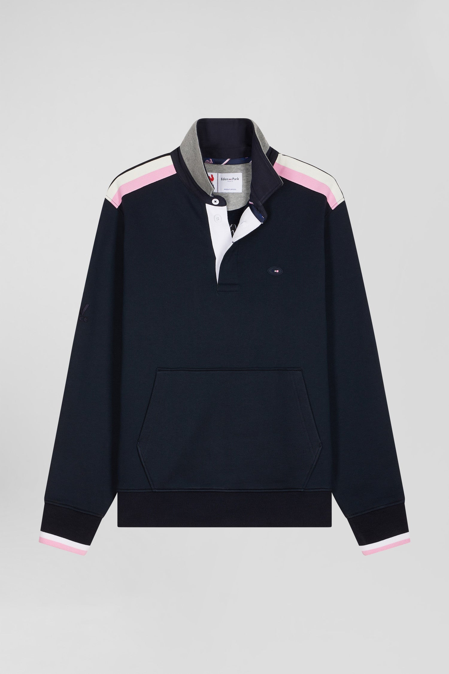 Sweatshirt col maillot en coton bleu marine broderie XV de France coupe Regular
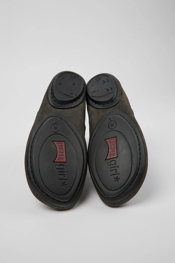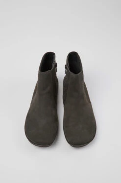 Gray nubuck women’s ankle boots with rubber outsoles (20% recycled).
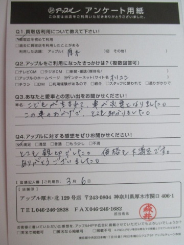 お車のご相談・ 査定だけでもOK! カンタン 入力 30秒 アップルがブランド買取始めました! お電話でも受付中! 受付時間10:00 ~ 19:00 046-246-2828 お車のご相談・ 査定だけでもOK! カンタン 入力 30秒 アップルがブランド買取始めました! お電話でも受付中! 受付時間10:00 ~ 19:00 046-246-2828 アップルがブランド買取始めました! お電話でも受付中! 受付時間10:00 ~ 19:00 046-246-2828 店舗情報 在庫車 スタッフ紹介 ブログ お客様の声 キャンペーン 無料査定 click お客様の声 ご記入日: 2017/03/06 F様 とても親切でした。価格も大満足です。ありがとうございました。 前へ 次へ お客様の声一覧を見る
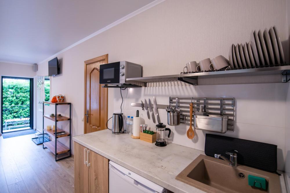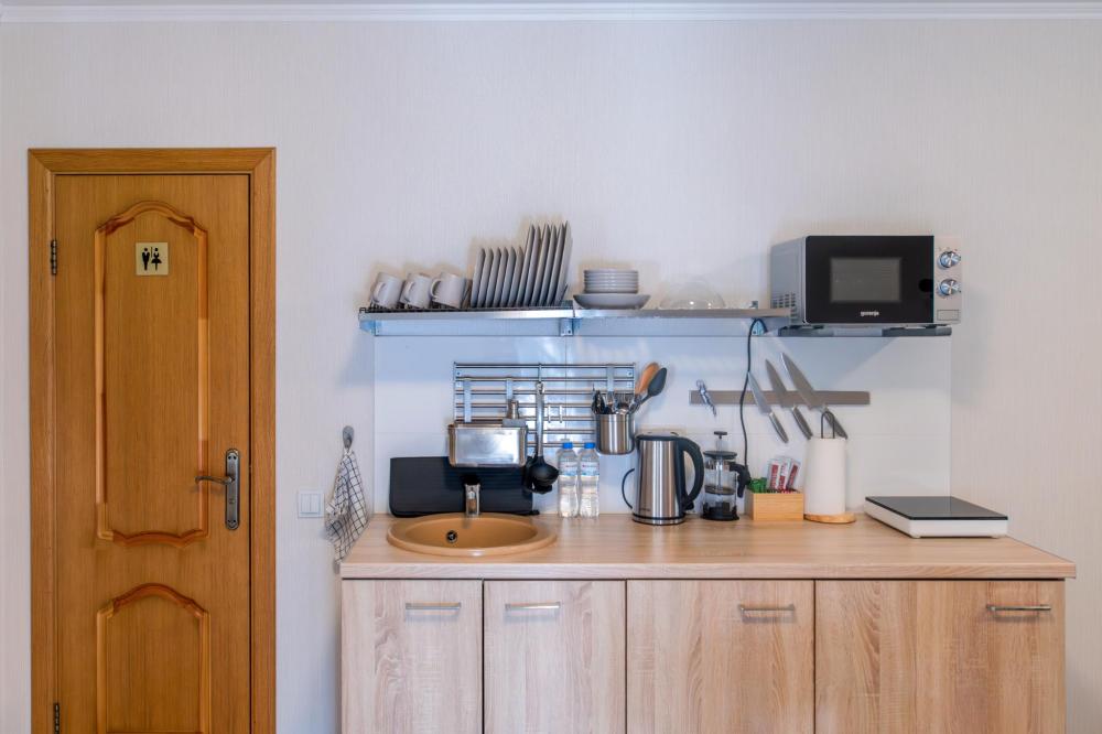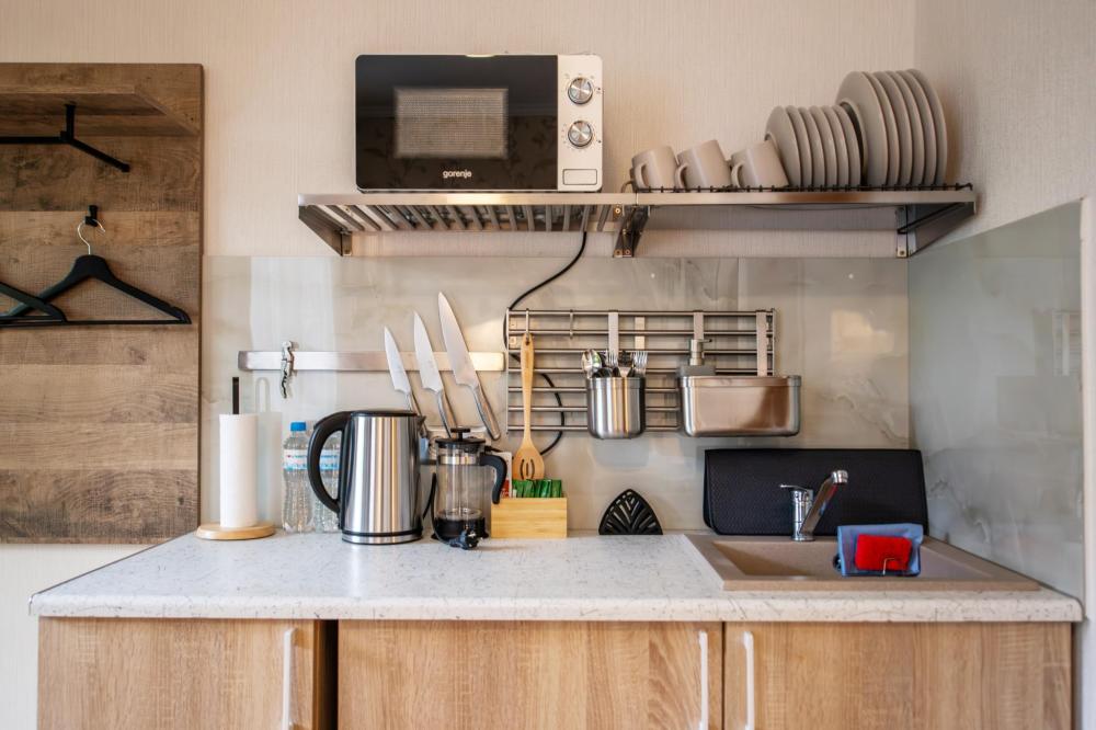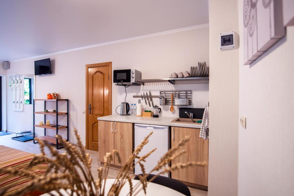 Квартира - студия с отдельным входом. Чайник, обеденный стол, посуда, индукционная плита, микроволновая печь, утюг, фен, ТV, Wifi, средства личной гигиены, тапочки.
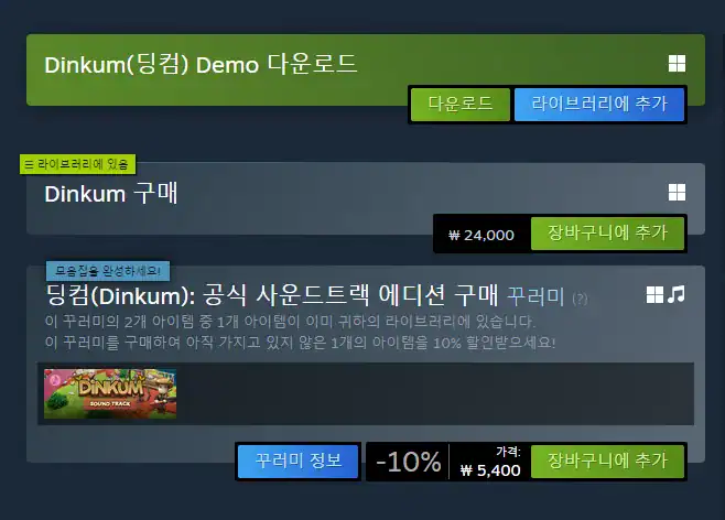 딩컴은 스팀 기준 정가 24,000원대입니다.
==
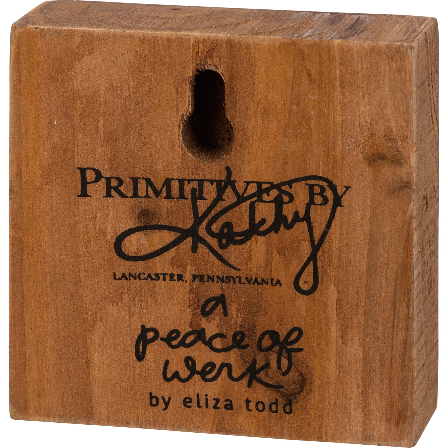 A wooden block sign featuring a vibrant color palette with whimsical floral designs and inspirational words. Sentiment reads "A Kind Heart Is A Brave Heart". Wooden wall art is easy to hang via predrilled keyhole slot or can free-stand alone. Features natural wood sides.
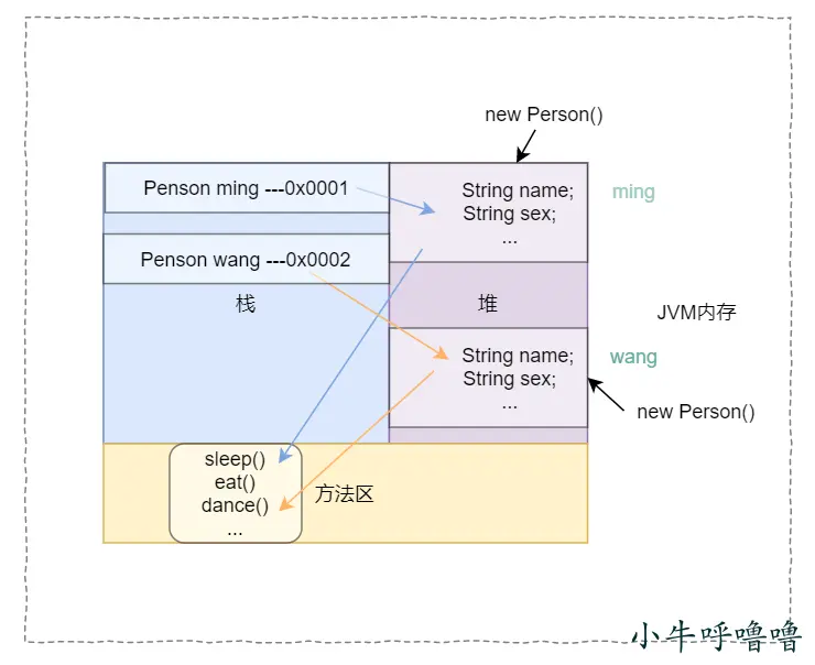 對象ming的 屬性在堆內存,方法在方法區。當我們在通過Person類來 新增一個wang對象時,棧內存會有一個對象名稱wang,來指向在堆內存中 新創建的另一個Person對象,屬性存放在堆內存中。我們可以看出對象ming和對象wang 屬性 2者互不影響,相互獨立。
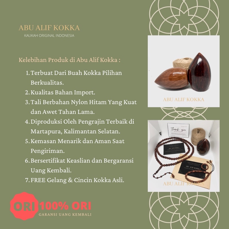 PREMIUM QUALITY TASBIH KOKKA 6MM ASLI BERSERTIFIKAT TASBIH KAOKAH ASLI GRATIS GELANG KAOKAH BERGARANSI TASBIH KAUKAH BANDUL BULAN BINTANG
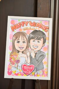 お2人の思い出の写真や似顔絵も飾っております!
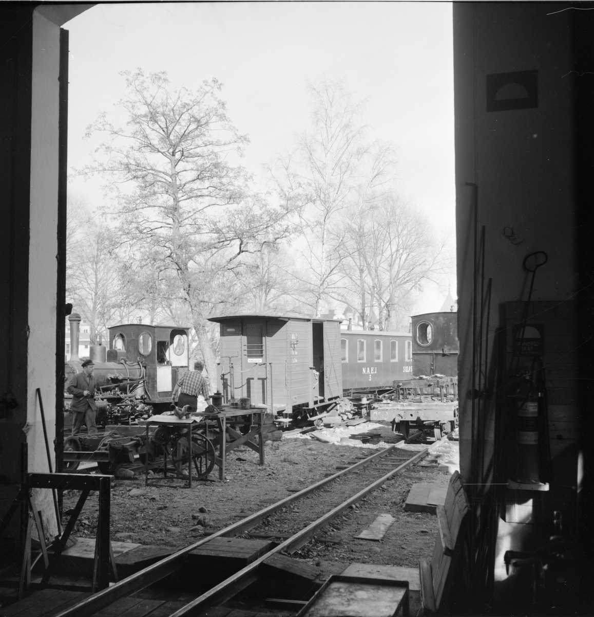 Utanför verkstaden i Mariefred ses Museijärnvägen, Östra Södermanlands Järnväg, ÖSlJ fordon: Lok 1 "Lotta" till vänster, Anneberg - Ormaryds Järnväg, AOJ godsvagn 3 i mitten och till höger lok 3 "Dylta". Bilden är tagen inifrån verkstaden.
--
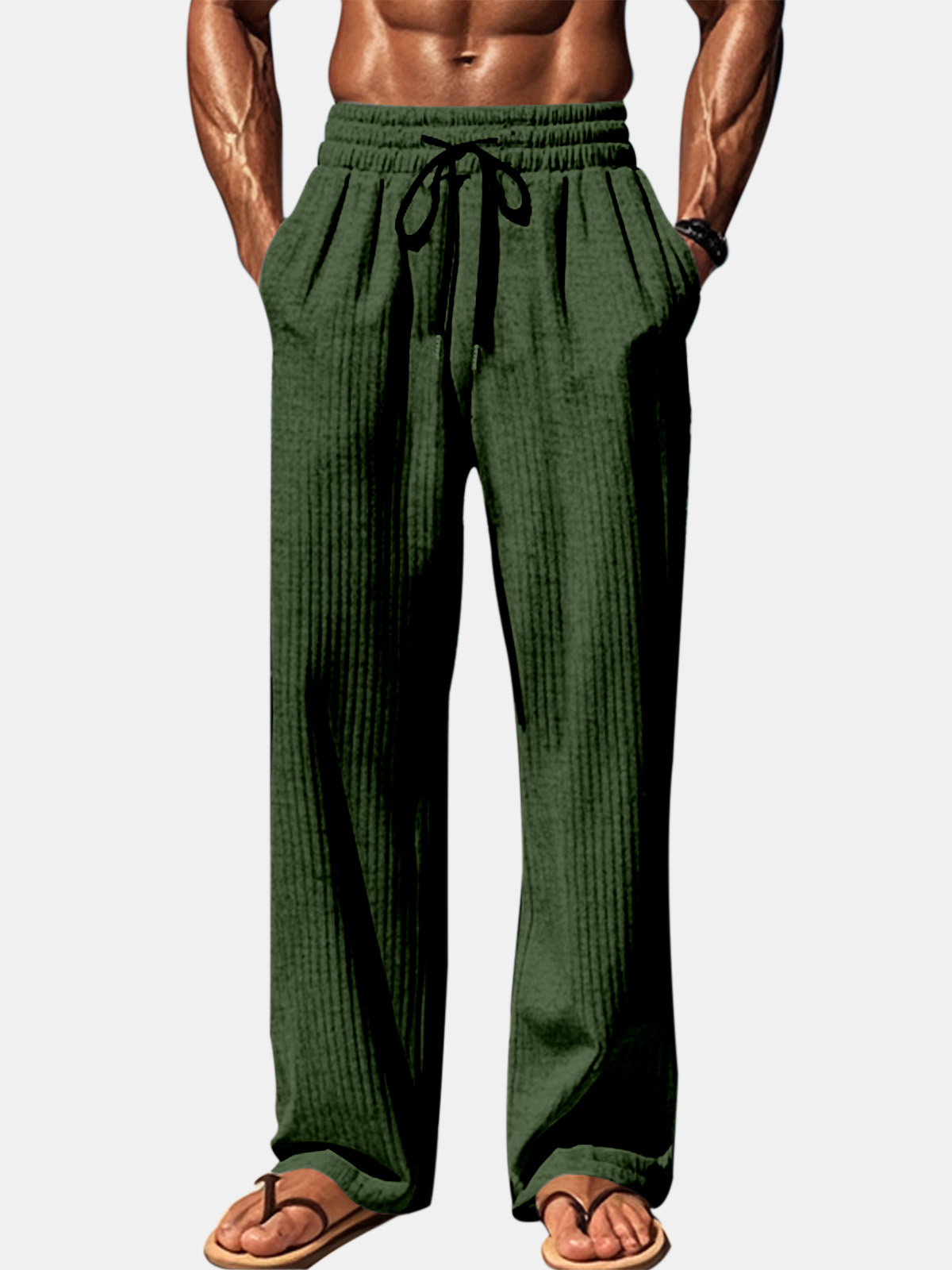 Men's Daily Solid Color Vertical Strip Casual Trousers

About this exercise: What's needed is an exact copy of the records above from the line containing "Sweatshirt col maillot" down to the line containing "딩컴은 스팀 기준 정가 24,000원대입니다.", both included, without any pictures.

Answer area:
 Sweatshirt col maillot en coton bleu marine broderie XV de France coupe Regular
 Gray nubuck women’s ankle boots with rubber outsoles (20% recycled).
 お車のご相談・ 査定だけでもOK! カンタン 入力 30秒 アップルがブランド買取始めました! お電話でも受付中! 受付時間10:00 ~ 19:00 046-246-2828 お車のご相談・ 査定だけでもOK! カンタン 入力 30秒 アップルがブランド買取始めました! お電話でも受付中! 受付時間10:00 ~ 19:00 046-246-2828 アップルがブランド買取始めました! お電話でも受付中! 受付時間10:00 ~ 19:00 046-246-2828 店舗情報 在庫車 スタッフ紹介 ブログ お客様の声 キャンペーン 無料査定 click お客様の声 ご記入日: 2017/03/06 F様 とても親切でした。価格も大満足です。ありがとうございました。 前へ 次へ お客様の声一覧を見る
 Квартира - студия с отдельным входом. Чайник, обеденный стол, посуда, индукционная плита, микроволновая печь, утюг, фен, ТV, Wifi, средства личной гигиены, тапочки.
 딩컴은 스팀 기준 정가 24,000원대입니다.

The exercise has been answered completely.